Montag, 28. Juli 2008

The legend of the see-through blue two-piece bathing suit

The air had not been moving for days. The fireball in the baby blue sky has turned this most vivid tourist attraction mile into a dusty urban desert. Those who can have migrated to the mint tasting freshness of the Brandenburg lakes, those who can’t are attending the Miss Roasted Chicken 2008 awards in the empty brown fields that used to be healthy green parks a fortnight ago. 

Only Patrick, Andy and Julia are excluded from the worship of the sun. The university is merciless. However, Julia’s goal for that afternoon is not to finish the university work but to get Patrick to migrate to a hidden lonely lake with her. She likes his long, brown hair, his three day’s beard, his Hawaiian shirt and the imagination of what might be underneath it. Yes, she has a crush on him. Only problem is, Andy wants to join the trip to the lake. Andy is the type of guy who is always well prepared – wearing a suit to university that you would imagine a 60 old history professor to wear, even when it’s 40 degrees outside because he might run into his 60 years old history professor. But he isn’t prepared for spontaneous natural refreshment. “The only problem is I don’t have swimming shorts.”
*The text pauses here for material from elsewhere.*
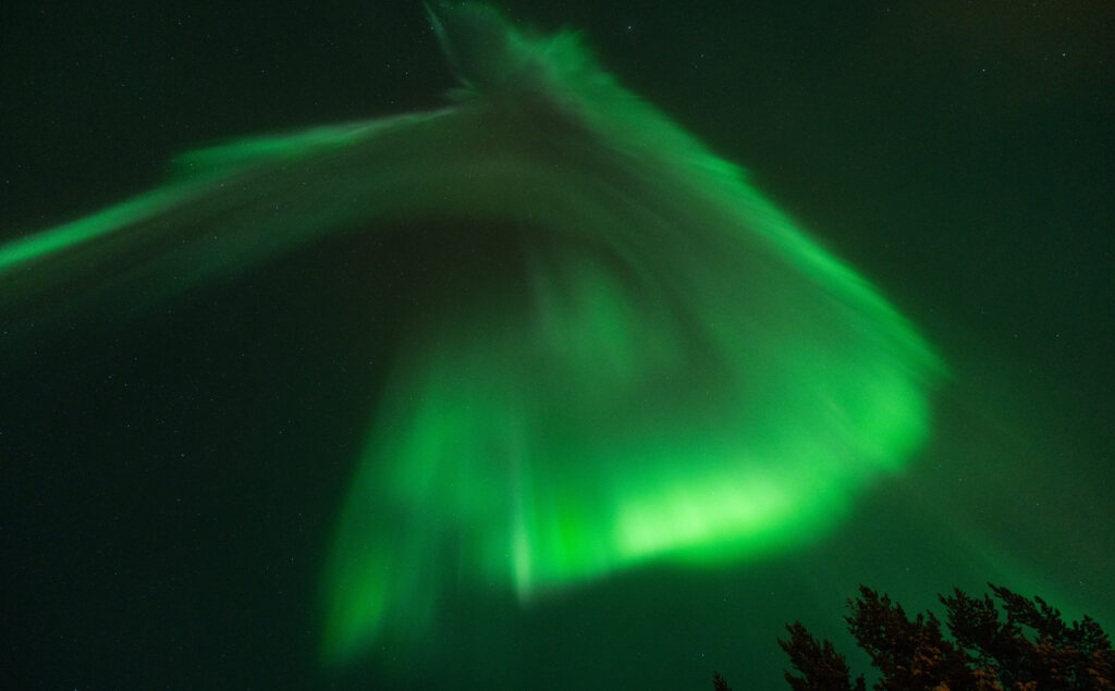 We were told to keep our eyes peeled as we drove, but at 11.30pm, we were effectively heading back to base camp. That’s when I spotted white shadows starting to dance across the sky again.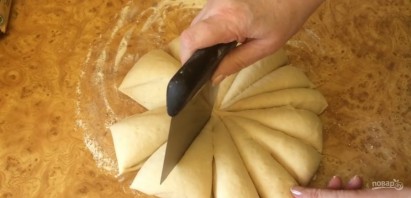 3. Тесто округлите, переложите в смазанную растительным маслом миску и накройте пленкой. Оставьте при комнатной температуре на 3-5 часов. Выложите тесто на присыпанный стол, округлите и разделите на 16 частей.

“No problem, I can borrow you some of mine,” Patrick’s only problem is that he is too nice to everybody. Comparing the body sizes of the two, Andy would look like a 1970’s coast guard in shorts that were very loose around Patrick’s hips. Julia realised that she needs to put an impediment to that: “Or I can borrow you one of mine. I have a beautiful see-through blue two-piece bathing suit. You’d look sexy in that.”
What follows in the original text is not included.